Metro

My big break: ‘Spidey’

Spider-Man’s battered Broadway stunt double is finally talking, and he’s got none of the web slinger’s usual wisecracks to offer about his harrowing onstage fall.

“The last thing I remember was, like, uh, just going, ‘Oh, God,’ ” Christopher Tierney, a stuntman in “Spider-Man: Turn Off the Dark,” tells WCBS-TV news in an exclusive interview airing tonight at 11.

“I was falling, and then I saw, once I hit the darkness of the stage, I had to just turn it real quick, so I wasn’t going to fall on my head and I crashed on my back,” he tells Channel 2’s Dana Tyler.

Tierney, 32, plummeted about 30 feet on Dec. 20 in front of an audience near the climax of a performance of the injury-plagued Broadway production.

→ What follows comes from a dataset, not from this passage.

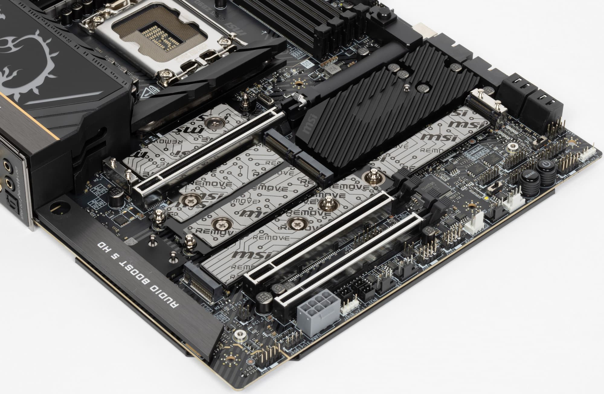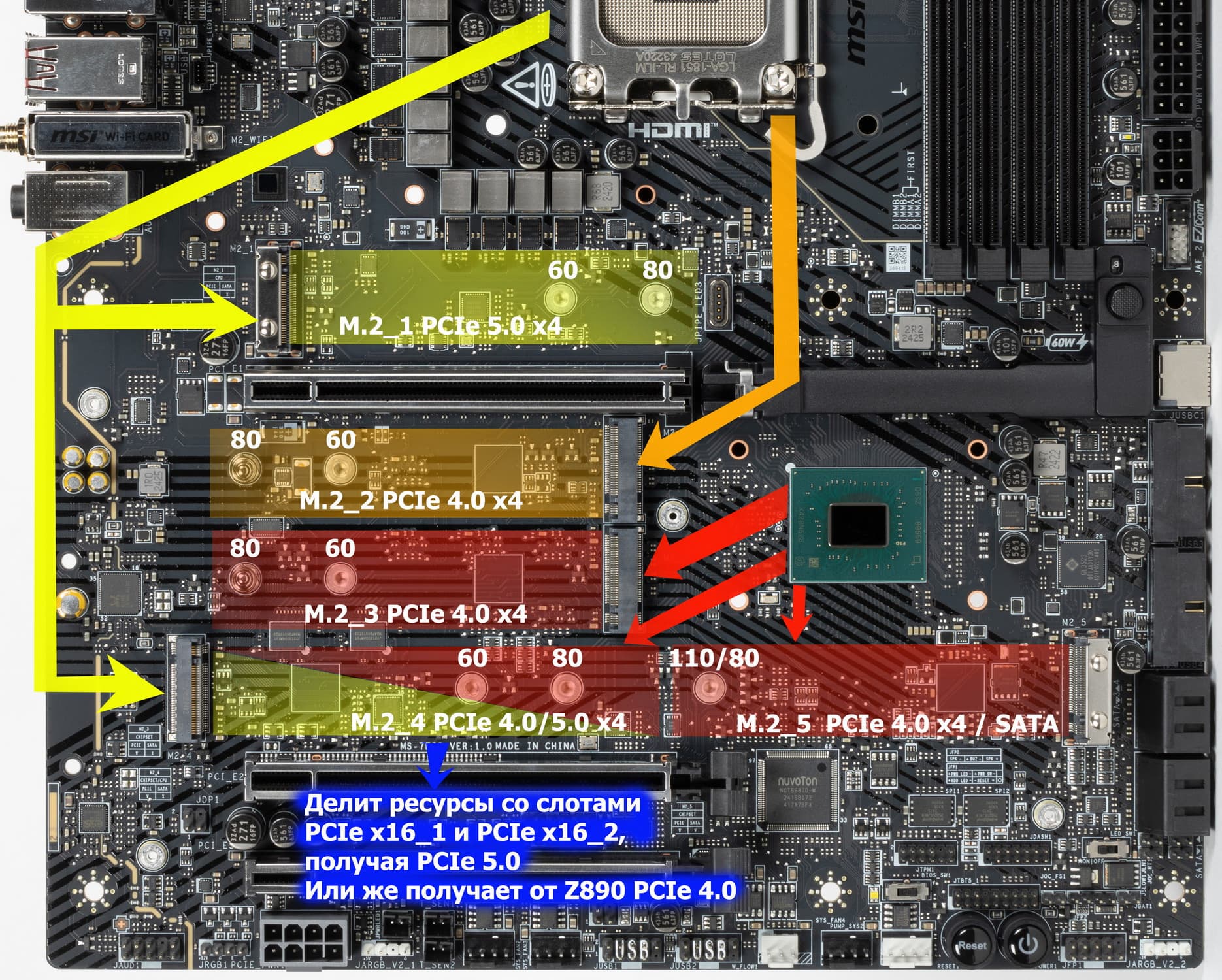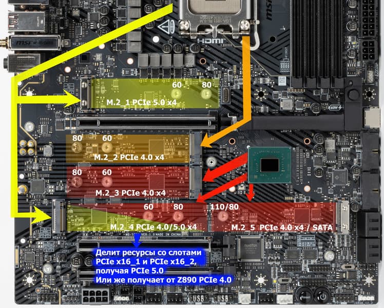 Третий и пятый слоты M.2 (M.2_3, M.2_5) получают данные от чипсета Z890, а первые два — от CPU, при этом M.2_1 получает PCIe 5.0, а M.2_2 получает от процессора PCIe 4.0. При этом слот M.2_4 может получать данные как от процессора (PCIe 5.0 x4), деля ресурсы со слотами PCIe x16 (я выше уже рассказывал), так и от чипсета (PCIe 4.0 x4), когда деление ресурсов со слотами PCIe x16 невозможно.

He spent eight days at Bellevue Hospital recovering from four broken ribs, a hairline skull fracture, a broken scapula, a bruised lung, three cracked vertebrae and broken bones below his elbow.

Last Tuesday, Tierney was moved to an unidentified New York rehabilitation center and is expected to head home to Portsmouth, NH, after he is released from the facility on Wednesday.

“He is up,” Tierney’s father, Tim, told CNN yesterday. “He is walking and just doing very well.”

The stuntman hopes to return to the big-budget show as soon as he can.

The show went dark for two days after his fall and didn’t resume until new safety precautions were put in place following a meeting between the show’s company, the Occupational Safety and Health Administration and the state Department of Labor.

The show, with music and lyrics by U2’s Bono and The Edge, has been beset by cast injuries and technical problems.

At the time of his fall, Tierney was wearing a harness and wire that should have lifted him in the air, but he came loose and plummeted.

The fall has been blamed on human error.

Tierney is the fourth cast member to have been in a serious accident in the show, which at $65 million is the most expensive production in Broadway history.